After a while, however, as employment picks up and companies produce more, slack starts to disappear. The economy is about to hit its full capacity. It becomes difficult to find new employees and producers need to raise wages in order to keep existing ones. As a result, sharper price increases can be expected. For the central bank, this means that it is probably time to raise interest rates to keep prices stable.

The amount of slack therefore provides information about current and future inflationary pressures in the economy. It is one of the factors that can help the central bank make monetary policy decisions – when to raise or cut interest rates. The timing of such a policy move is crucial. Raising interest rates too early could hurt an economic recovery but doing so too late could result in higher inflation.

How is economic slack measured?

There are significant challenges in measuring slack, which is one reason why the concept is often discussed in economic debates.

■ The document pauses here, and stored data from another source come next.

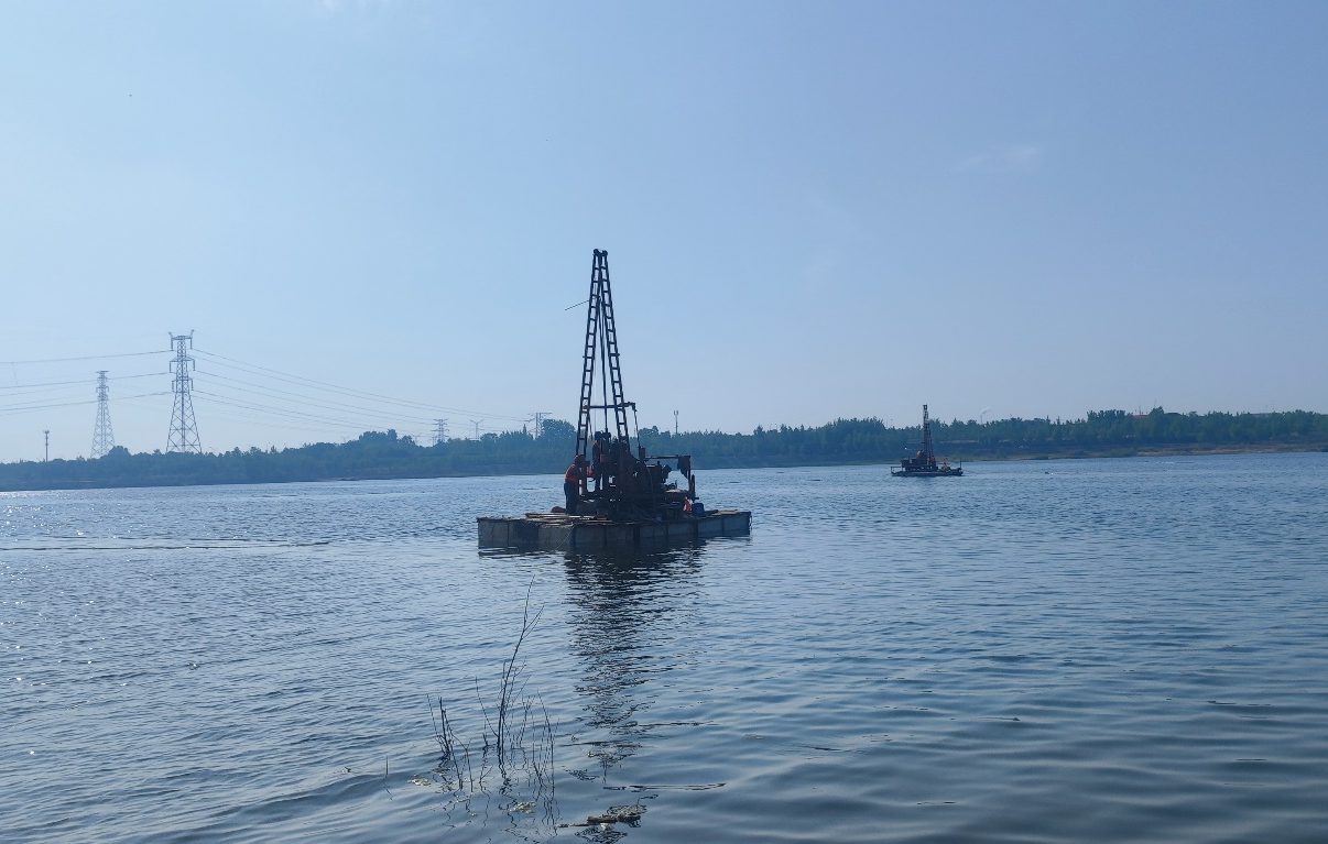 场区位于沂沭断裂带影响范围内,地质构造复杂,灰岩溶洞、溶沟、溶槽较发育,存在渗漏等风险。我公司充分发挥勘察技术优势,采用地质测绘、钻探、物探、水文试验等手段,同时使用自主研制的模块式水上钻探平台进行水上作业,该平台具有可自由拼装拆卸,浮力大、平稳安全等优点。基本查明了场区的工程地质及水文地质条件,为项目实施奠定了坚实基础。
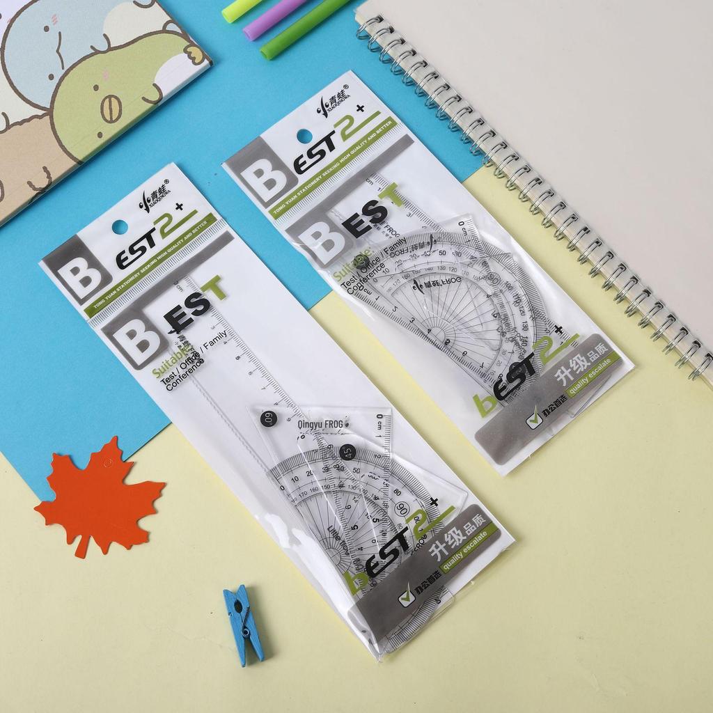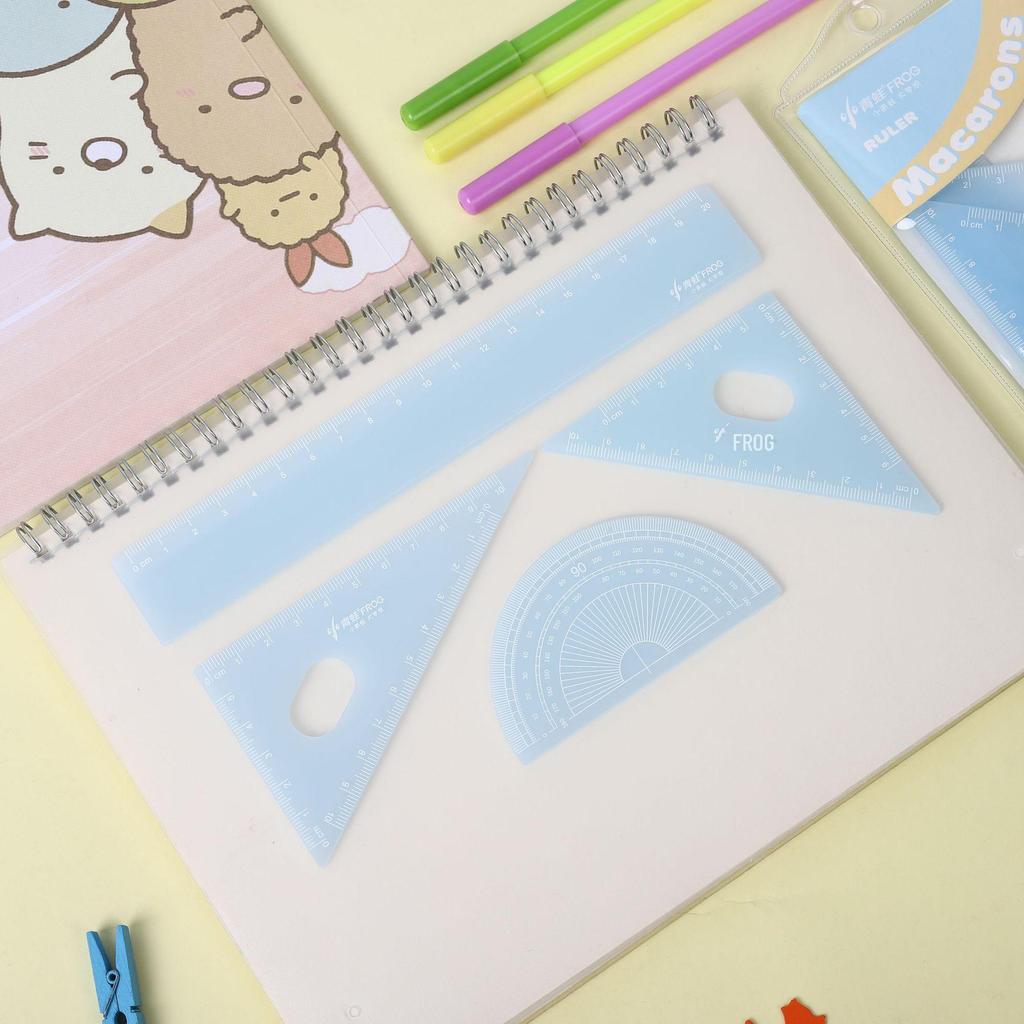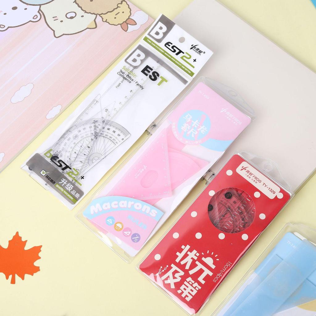 Линейка для цветного желе Macaron: Многофункциональный набор для школьников из четырех предметов с треугольником, транспортиром и линейкой для подготовки к экзаменам
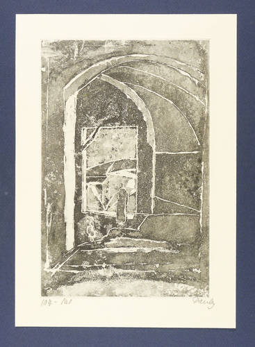 1960. Radierung / Aquatinta, in Schwarz, auf hellchamois Velin. – Originale Künstlergrafik, von Charlotte Elfriede Pauly. – Auflage Exemplar Nr. 107/120. – 24,5 x 16,0 cm (Darstellung / Platte), 30 x 21 cm (Blatt).
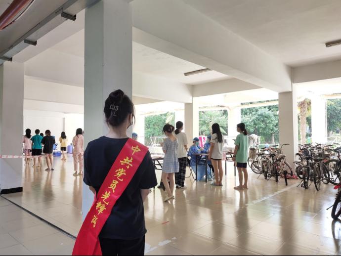 国庆长假结束,桂林理工大学按照疫情防控工作要求组织全校师生开展核酸检测工作。通知下达后,外国语乐鱼leyu(中国)党委立刻响应学校号召,组织乐鱼leyu(中国)师生党员设立党员先锋岗,组建党员服务团协助学校开展疫情防控工作。在疫情防控的关键时刻,我院广大党员积极参与本次志愿活动,充分发挥先锋模范作用,在乐鱼leyu(中国)党委的统筹下到20栋宿舍及2A核酸采样点处,严格管控住宿区的人员流动,随时检查学生口罩佩戴情况,并督促学生间隔一米排队,提醒学生提前扫描核酸检测预约码有序参与核酸检测,确保了核酸检测工作的顺利进行。

To measure it, economists often use the output gap, which is the difference between what is actually being produced in an economy (actual output) and what it has the capacity to produce (potential output). Actual output is measured by gross domestic product. Potential output is a concept that refers to the amount of goods and services that an economy is capable of producing when its resources, such as the workforce, equipment, infrastructure, and technology, are used in an efficient way that can be sustained over time.

Actual output can be lower or higher than potential output. If it is lower, economists talk about a negative output gap. This happens when there is spare capacity, or slack, in the economy. If the actual output is higher than the potential output, economists talk about a positive output gap. This happens when demand is very high and the economy is operating above what it can sustainably maintain.

Economic slack

Being a theoretical concept, potential output cannot be measured directly and experts use different methodologies to estimate it. Consequently, they get different results. To make matters even more tricky, estimates of potential output are often the most uncertain for the period that interests central bankers the most: the recent past and present. As a result, slack and the output gap are rarely out of economic debates.